Given f (1 + SiNx) = 2 + SiNx + cos2x, find f (x) Let u = 1 + SiNx, then SiNx = U-1 (0 ≤ u ≤ 2), then f (U) = - U2 + 3U + 1 (0 ≤ u ≤ 2) So f (x) = - x2 + 3x + 1 (0 ≤ u ≤ 2) How does [f (U) = - U2 + 3U + 1] come from? Ask for advice!

Given f (1 + SiNx) = 2 + SiNx + cos2x, find f (x) Let u = 1 + SiNx, then SiNx = U-1 (0 ≤ u ≤ 2), then f (U) = - U2 + 3U + 1 (0 ≤ u ≤ 2) So f (x) = - x2 + 3x + 1 (0 ≤ u ≤ 2) How does [f (U) = - U2 + 3U + 1] come from? Ask for advice!

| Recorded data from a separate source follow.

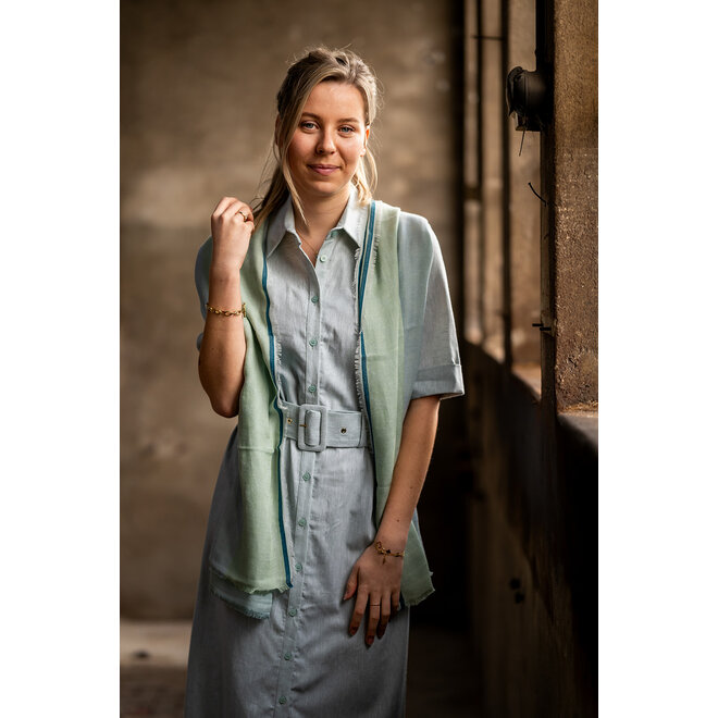 Sjaal met klein printje in groen en blauwe kleurstelling. De sjaal heeft een smal franje randje rondom. Kleur groen blauw tinten Materiaal 100% katoen Afmeting (bxdxh) 70cm x 180...Sjaal met klein printje in groen en blauwe kleurstelling. De sjaal heeft een smal franje randje rondom.Kleurgroen blauw tintenMateriaal100% katoen Afmeting (bxdxh)70cm x 180cmToon meerToon minder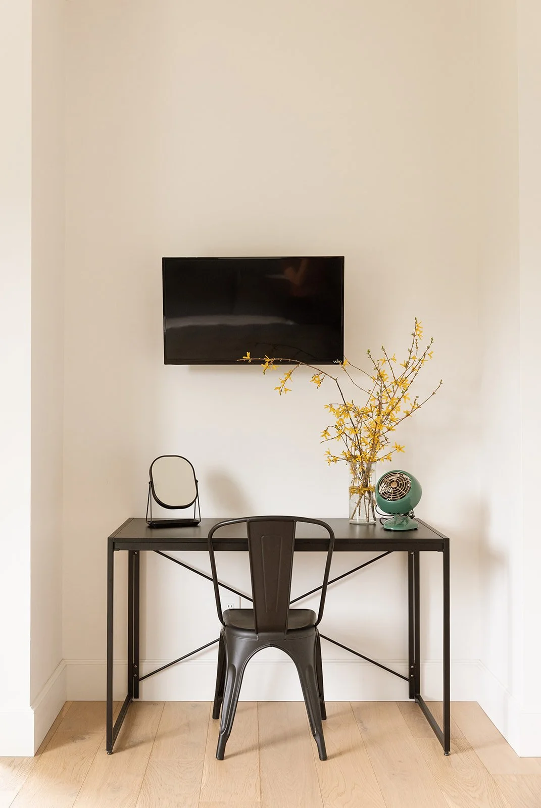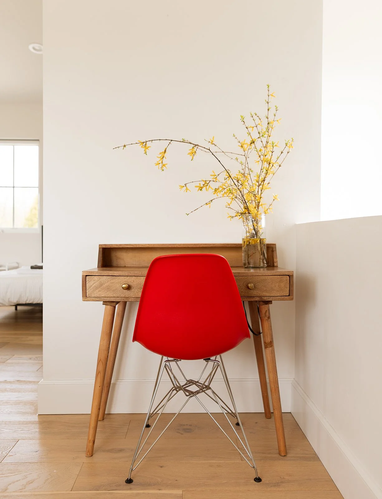 Dedicated workspace in a room with a door
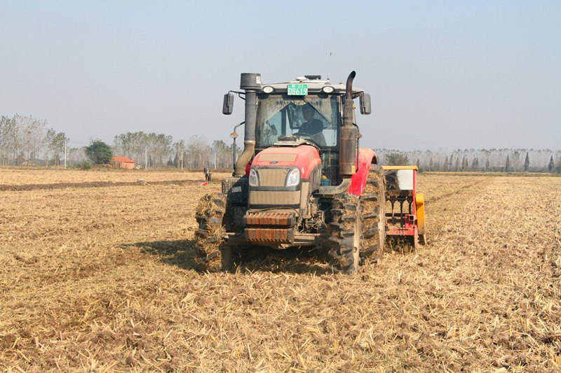 会上,白湖农机协会会长何凌云就机械的工作原理、技术特点和作业优势向大家进行了讲解。此次引进的旋耕播种开沟镇压一体机相较我场现有机械,具有以下优势:一是动力大,麦田开沟深度更深,达到“把田抬起来”的目的,二是旋耕深度更深,深耕松土的同时更加有效地实现秸秆还田,三是利用GPS定位,开沟更直,直线误差不超过2cm,沥水速度更快,四是播种更加精确,可以确保不漏播、少播和重播,五是携带镇压装置,可以将土壤压实,提高麦种出芽率,六是小麦播种作业一次性完成,更加节约人工和时间成本。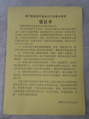 我們相信,垃圾分類這一工作,一定會在廣大老年人中產生較大共鳴和較大影響,我們相信,垃圾分類這個利國利民的工程,一定會在黃甲邁出較大步伐,這個工作將會再上一個新臺階,工作定會百尺竿頭更進一步,工作定會越做越好,我們人類美好幸福的綠色家園,定會天天擁有。(付仕水)

Let u = 1 + SiNx, then SiNx = U-1 (0 ≤ u ≤ 2), cos2x = 1-2sin & # 178; X = 1-2 (U-1) &# 178; = 1-2 (U & # 178; - 2U + 1) = 1-2u & # 178; + 4u-2 = - 2U & # 178; + 4u-1, then f (U) = 2 + (U-1) + (- 2U & # 178; + 4u-1) = - 2U & # 178; + 5u is wrong, f (1 + SiNx) = 2 + SiNx +

Let a = (1, the square of SiNx), B = (2, sin2x), where x belongs to (0, pie). If | a * B | = | a | * | B |, then TaNx =?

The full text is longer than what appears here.